Activity:
Retype the data exactly, from its first line to the line containing "Urządzenie posiada aż", including both, and skip any picture.

Available data:
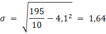 W zestawie dziesięciu danych, ich suma wynosi 41 a suma ich kwadratów 195. Wskaż wartość odchylenia standardowego:
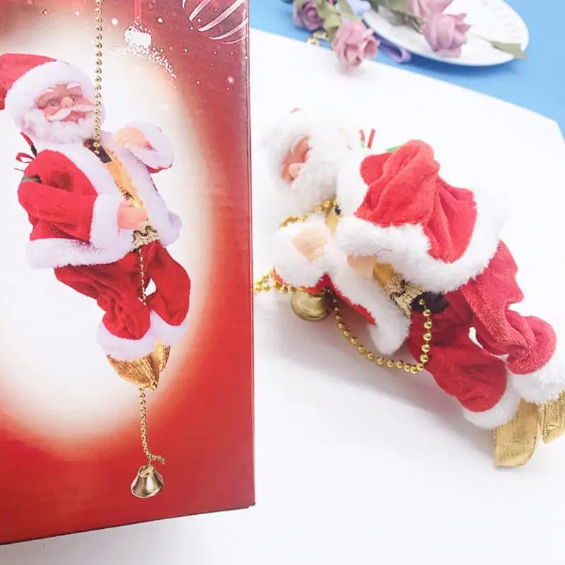 Креативные детские подарочные украшения, прекрасные электрические игрушки Санта-Клаус, подъем по лестнице, цепочка из бусин, Рождественская кукла для пожилых с музыкой, подъем
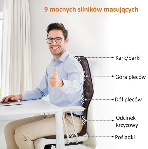 Urządzenie posiada aż 9 dużych, mocnych silników masujących które głęboko rozluźniają zmęczone mięśnie.
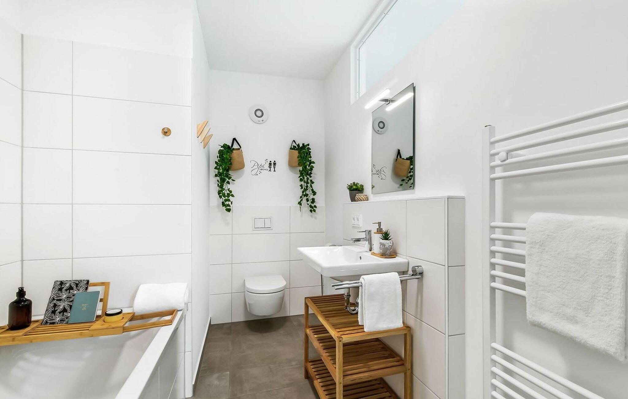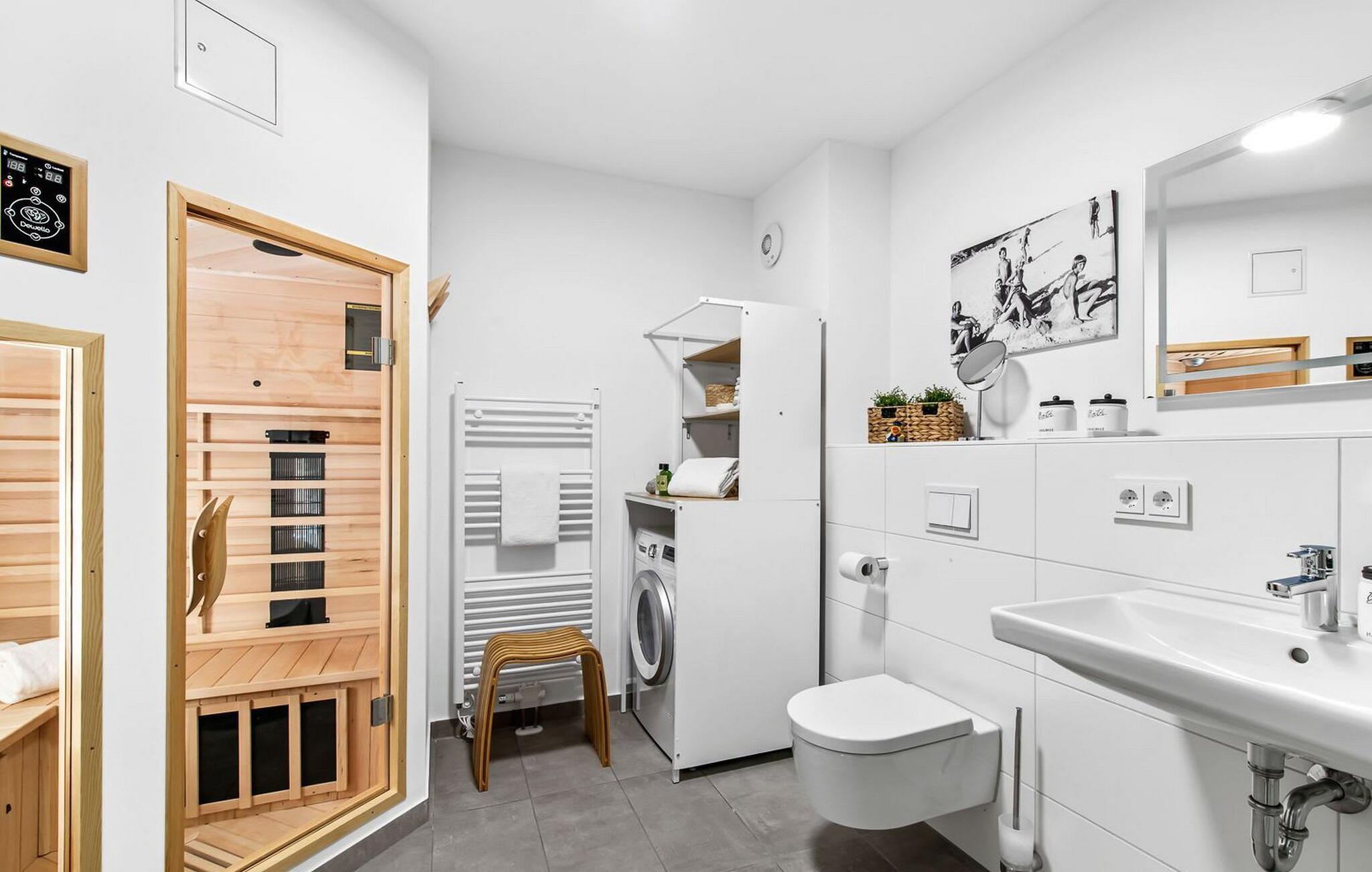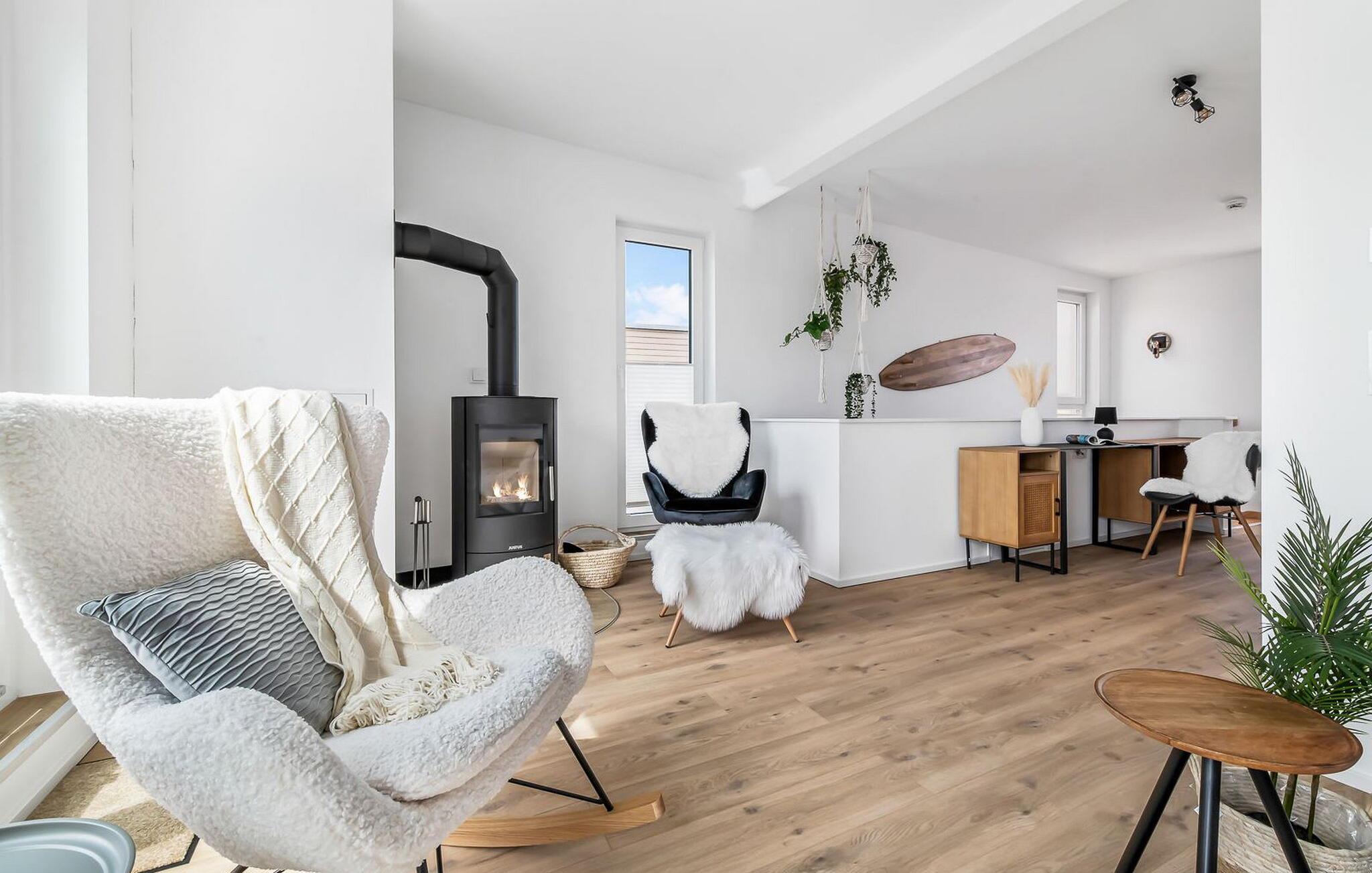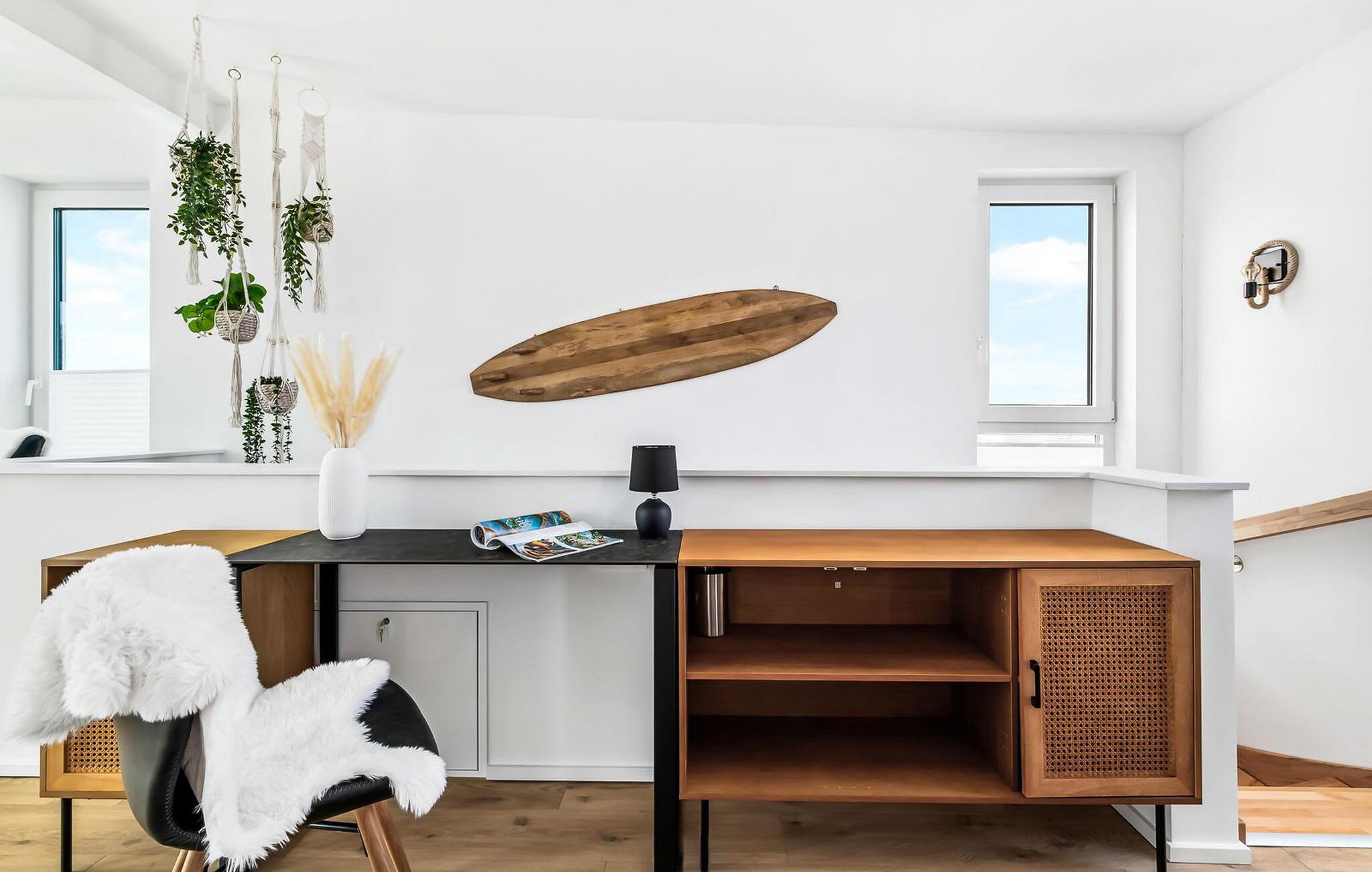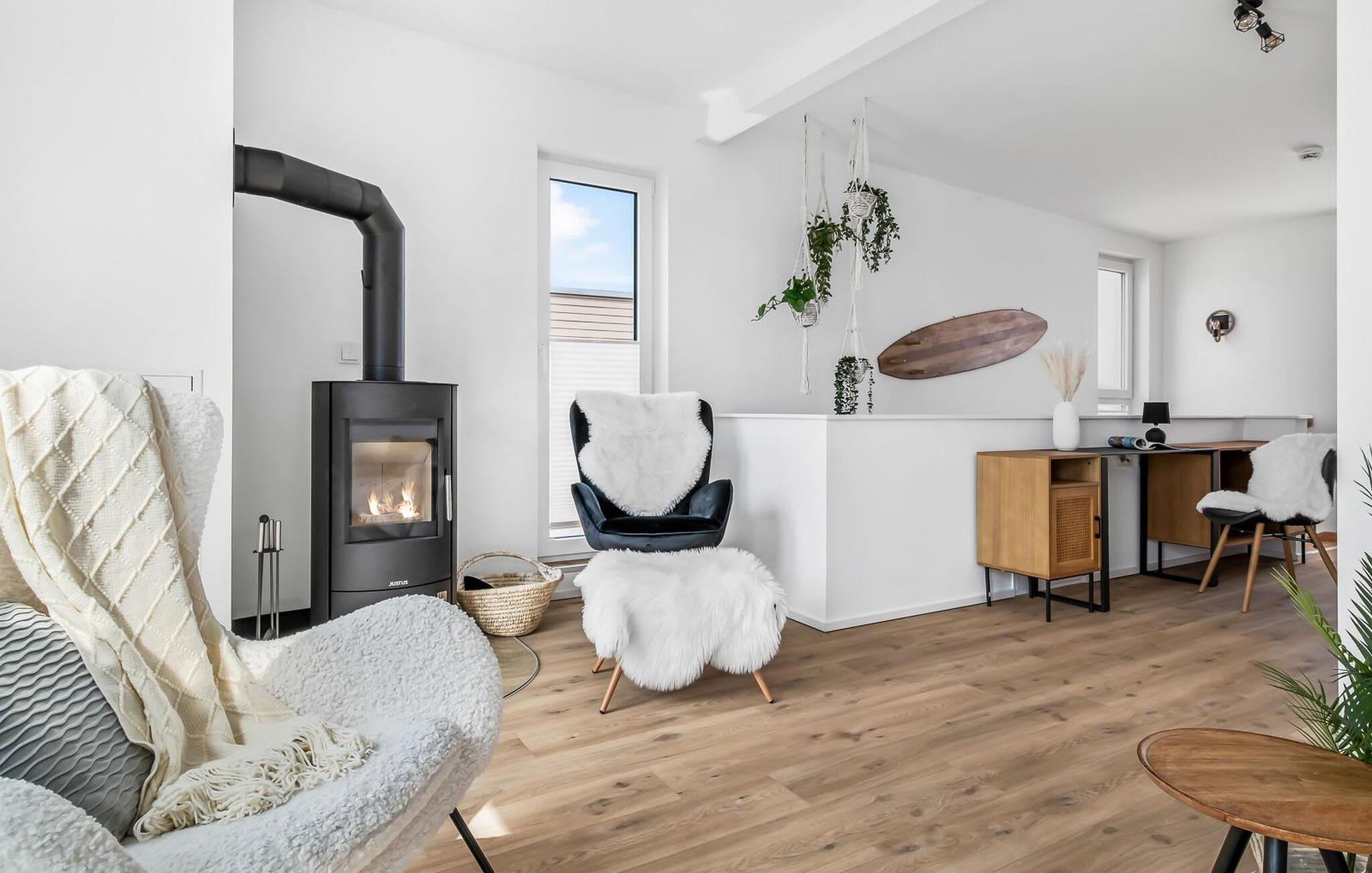TAKA TUKA LOUNGE er en rummelig og rummelig maisonette-ferielejlighed for op til 8 personer på første og anden sal med direkte udsigt over de naturbevarende strandenge og Østersøen bag dem. Det er beliggende i den sydlige udkant af feriestedet ved Østersøen og er det perfekte tilflugtssted for jeres familieferie. Sandstranden Weidefelder med kiosk, restaurant og strandstole ligger i gåafstand og er et attraktivt rejsemål på alle tider af året. Minigolfbanen med maritimt tema ligger også i umiddelbar nærhed og nydes af både unge og gamle. Lystbådehavnen og havnepromenaden med supermarked og restaurant kan også nås på få minutter til fods. Når I træder ind i ferielejligheden på første sal, begynder nedbremsningen fra allerførste øjeblik. Afslapningsområdet i lejligheden åbner sig. Der er tre rummelige soveværelser på denne etage, uanset hvilket et I vælger, kan I være sikker på en afslappende søvn. Det ene soveværelse er udstyret med en dobbeltseng i høj kvalitet, og det andet soveværelse har to separate enkeltsenge. I det tredje soveværelse kan I forvente en ungdomslounge-følelse med jeres eget tv og sækkestole. Her har I to kabinesenge, der kan udvides til fire sovepladser. Der er også et wellness-badeværelse på denne etage med bruser i gulvniveau, infrarød sauna og et stort spejl. En gang på anden sal lever TAKA TUKA Lounge op til sit navn. Den moderne boho chic får jer til at føle, at I er på en ø. Lad tankerne vandre og nyd udsigten fra gulv-til-loft vinduerne og fra den store solterrasse med udsigt over de naturbeskyttede strandenge og Østersøen. Ren afslapning! Skal I lave noget arbejde på ferien, finder I et lille hjemmekontorhjørne i opholdsområdet. Når vejret ikke er så solrigt, sørger den hyggelige opholdsstue og den knitrende pejs for en hyggelig hyggefaktor. Hverdagen bliver mere og mere fjern. Det åbne køkken er udstyret til en høj standard og vil få enhver hobbykoks hjerte til at banke hurtigere, og terrassen med en elektrisk Weber-grill indbyder til en afslappet grill. Også på øverste etage er der et andet badeværelse med badekar, som runder følelsen af og sikrer et afslappende ophold på alle tider af året. Foran ferielejligheden finder I jeres egen parkeringsplads. Vores favoritsted: nyd solen og udsigten over naturen fra terrassen, ligesom i Taka Tuka Land! Bemærk venligst: OstseeResort Olpenitz er meget populært, og der bygges fortsat i parken. Ikke desto mindre kan I se frem til en 5-stjernet standard og et førsteklasses ophold. Byggeaktiviteterne kommer ikke til at forstyrre jer på ferien, og derfor gives der ikke yderligere afslag i prisen.

Task output:
 W zestawie dziesięciu danych, ich suma wynosi 41 a suma ich kwadratów 195. Wskaż wartość odchylenia standardowego:
 Креативные детские подарочные украшения, прекрасные электрические игрушки Санта-Клаус, подъем по лестнице, цепочка из бусин, Рождественская кукла для пожилых с музыкой, подъем
 Urządzenie posiada aż 9 dużych, mocnych silników masujących które głęboko rozluźniają zmęczone mięśnie.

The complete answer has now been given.